* **Material provided**
== Segment start ==

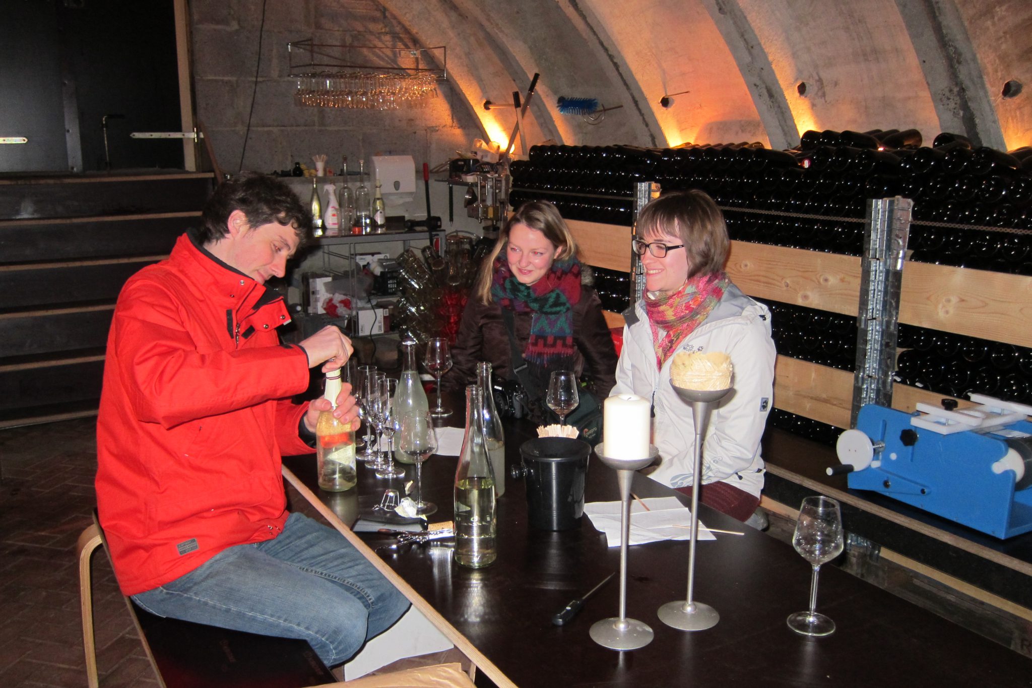 Bet Linards ir ne tikai piekritis sarunai. Viņš atbrauc mums darbdienas vakarā pretī uz pieVangažiem, aizvizina uz mežu, kur izrāda sulu tecināšanas pleķi, tad aizved uz ražotni-pagrabu, kur novada „ekskursiju” pēc pilnas programmas – izstāsta par saviem produktiem un atkorķē no katra dzēriena pa pudelei. Varam nosmeķēt sulu ar piparmētrām, vīnu, šampanieti un tumši staipīgu tvaicētas bērzu sulas sīrupu. Kad viss izgaršots un jautājumi atbildēti, Linards mūs atkal aizvizina mājās. Pa ceļam gan jāpietur mežmalā – viena no bērzu sulas īpašībām pierādās praksē. Lai arī meitenes nopirkušas pa vienai no katra izstrādājuma pudelēm, tāpat tas noteikti tiešā veidā neatmaksājas – mūs vizināt, „apgaismot”, cienāt. Mēs, savukārt, pacienājam Linardu ar kazaku plovu, ko Argins ir pagatavojis, kamēr mēs blandāmies riņķī. Bet Linards šķiet apmierināts ar „nosisto” vakaru un vispār atstāj priekšstatu par cilvēku, kas spējis izveidot biznesu, nepazaudējot galveno – dzīvesprieku un cilvēcību.
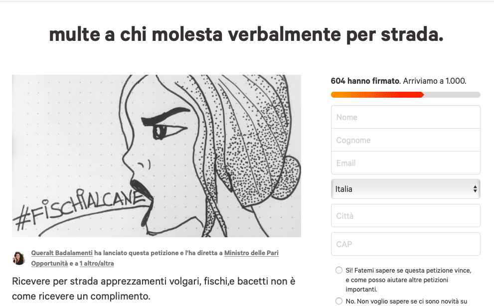 Perché se in Francia un molestatore rischia dai 70 ai 700 euro, in Italia non rischia nulla? Qui puoi anche alzare il telefono e chiamare la polizia, ma l’unica risposta che riceverai è: signorina, noi non possiamo fare niente, possiamo solo accompagnarla a casa e tenerle compagnia finché non arriva. Questo però non ha senso. Non mi aspetto di cambiare il mondo con la mia petizione, ma mi sto impegnando per non lasciare che si trasformi in un fuoco di paglia.
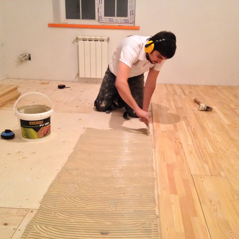 4. Клеевая палубная укладка паркетной и инженерной доски на фанеру.
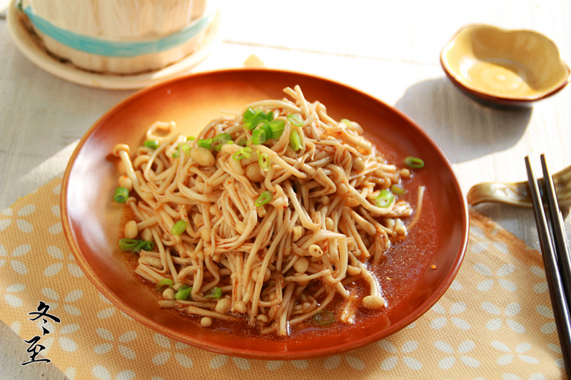 10:金针菇上面撒一层葱花,淋上煮好的酱汁即可。

== Segment end ==

* **Exercise details**
In the listing above, retype exactly, and only, the lines from the one containing "4. Клеевая палубная" through the last line, both included. Omit the pictures.

* **Written answer**
 4. Клеевая палубная укладка паркетной и инженерной доски на фанеру.
 10:金针菇上面撒一层葱花,淋上煮好的酱汁即可。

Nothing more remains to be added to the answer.